Faetec - A coordenadora técnica da vice-presidência educacional da Fundação de Apoio à Escola Técnica (Faetec-RJ), Nadia Vilella, conta que a instituição tem cerca de 38 cursos técnicos, distribuídos por 23 escolas por todo o Estado do Rio. A instituição tem cerca de 16.615 alunos matriculados nos ensinos Médio e Técnico.
"A Faetec busca abranger todas as áreas profissionais. Os cursos mais procurados são estruturas e máquinas navais, área médica, serviços, eletromecânica, eletrônica, telecomunicações, mecânica, área de construção civil. A maioria de nossos alunos conseguem se inserir no mercado, pois temos empresas conveniadas que buscam a mão-de-obra técnica qualificada", conta a coodenadora Nádia.
A unidade da Faetec em Niterói, Escola Estadual Henrique Lage, no Barreto, tem 2.347 alunos e oferece cursos técnicos para o nível médio (três anos) e pós-médio (dois anos), distribuídos em áreas como edificações, eletrotécnica, máquinas navais, estruturas navais e eletrônica. Só é possível ingressar na escola por meio de concuro. O edital sai até o final do ano.
A Faetec em parceria com o Centro de Ciências e Educação Superior a Distância (Cecierj), está com inscrições abertas para 1.680 vagas, até o dia 7, para cursos técnicos a distância nas áreas de eletro-eletrônica e bombeiro hidráulico entre outros.
Cargos e salários
O guia de turismo tem remuneração inicial de R$ 1,2 mil. Já o técnico em hospitalidade recebe entre R$ 800 e R$ 1mil. Esses profissionais tendem a seguir carreira nos cargos de administração operacional de hotéis, chegando à função de gerente. Nesses casos, o salário pode alcançar R$ 6 mil.

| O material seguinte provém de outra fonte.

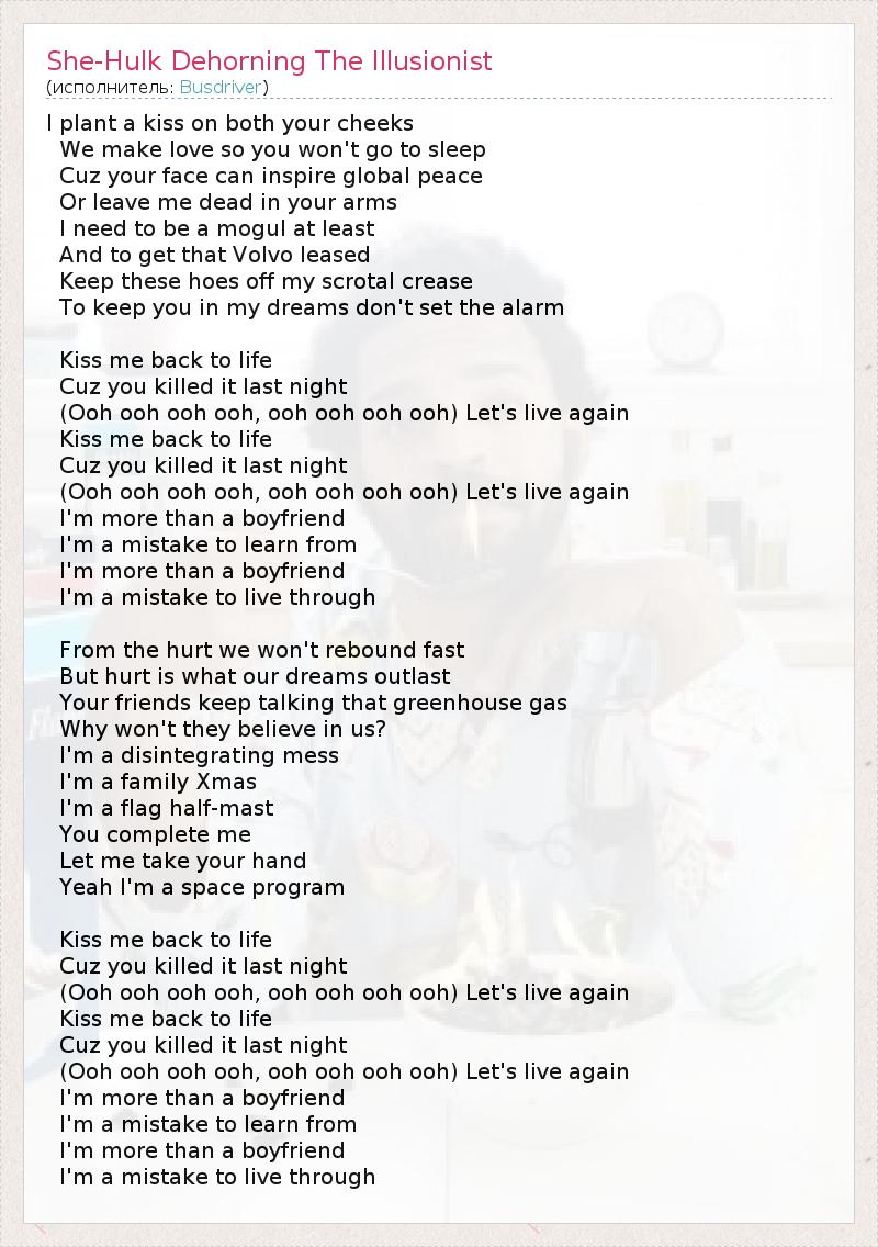 А как ты думаешь, о чем песня "She-Hulk Dehorning The Illusionist" ?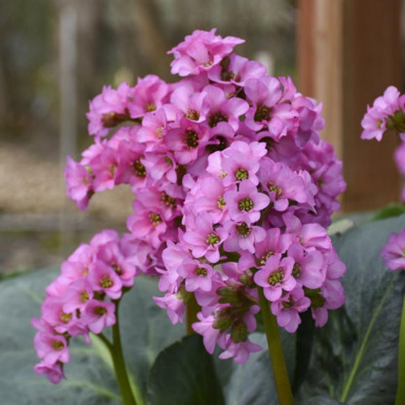 A standout Bergenia with large, glossy evergreen leaves and tall stalks topped with bright pink flower clusters in early to mid-spring. Excellent for adding bold texture and early color to shady or partially shaded gardens.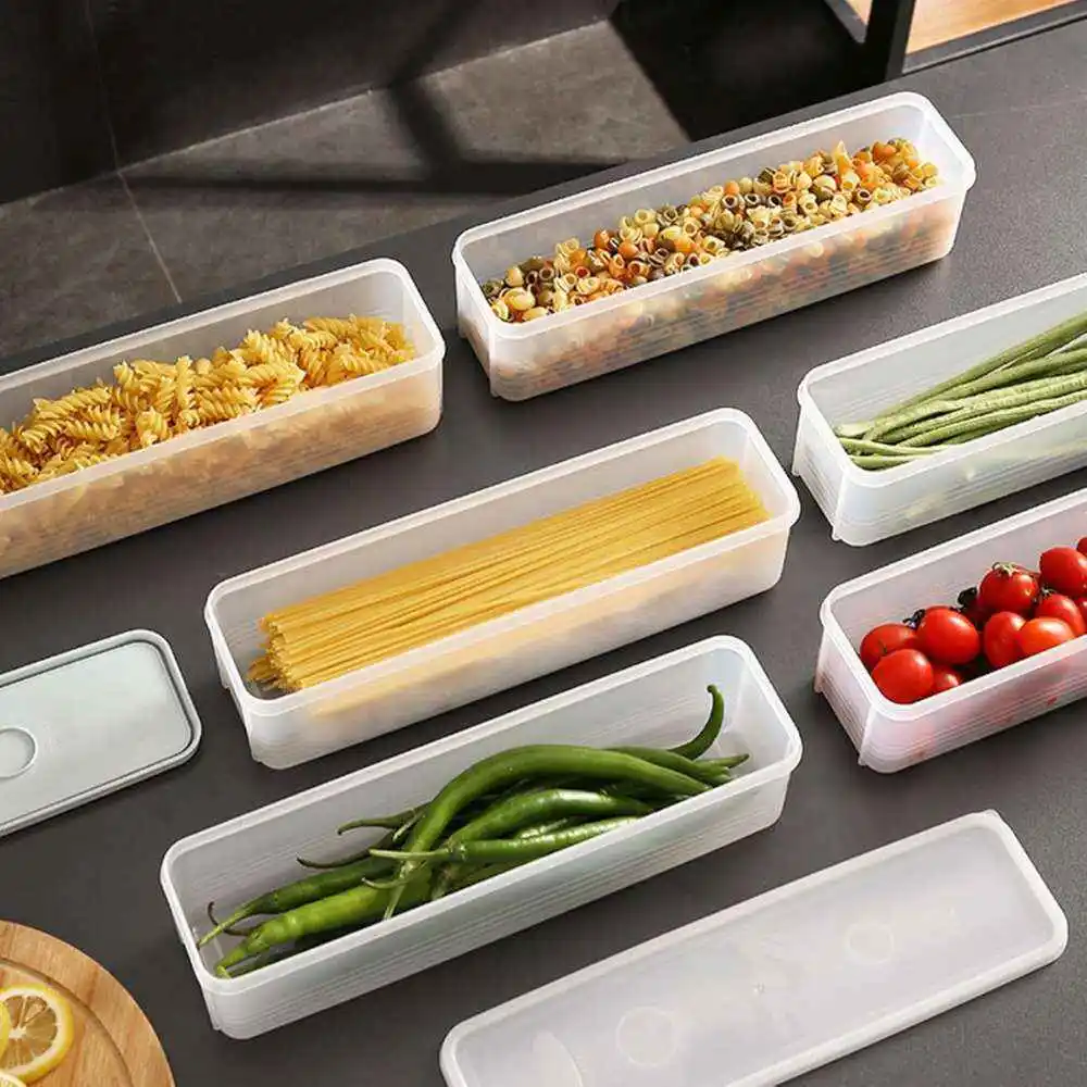 Contenedor de almacenamiento de alimentos de plástico, táper de almacenamiento transparente de cocina para fideos, frutas y verduras, recipientes de almacenamiento de alimentos, utensilios de cocina para el hogar.

Chef de cozinha - O piso inicial é de R$ 1, 5 mil, podendo até quadruplicar dependo da progressão da carreira e da experiência. Esses profissionais atuam dentro da cadeia produtiva do turismo, em bares , hotéis e restaurantes. As as redes internacionais de hotéis dão bônus aos funcionários por desempenho. Os funcionários podem receber de três a cinco salários extras por ano, além do 13°.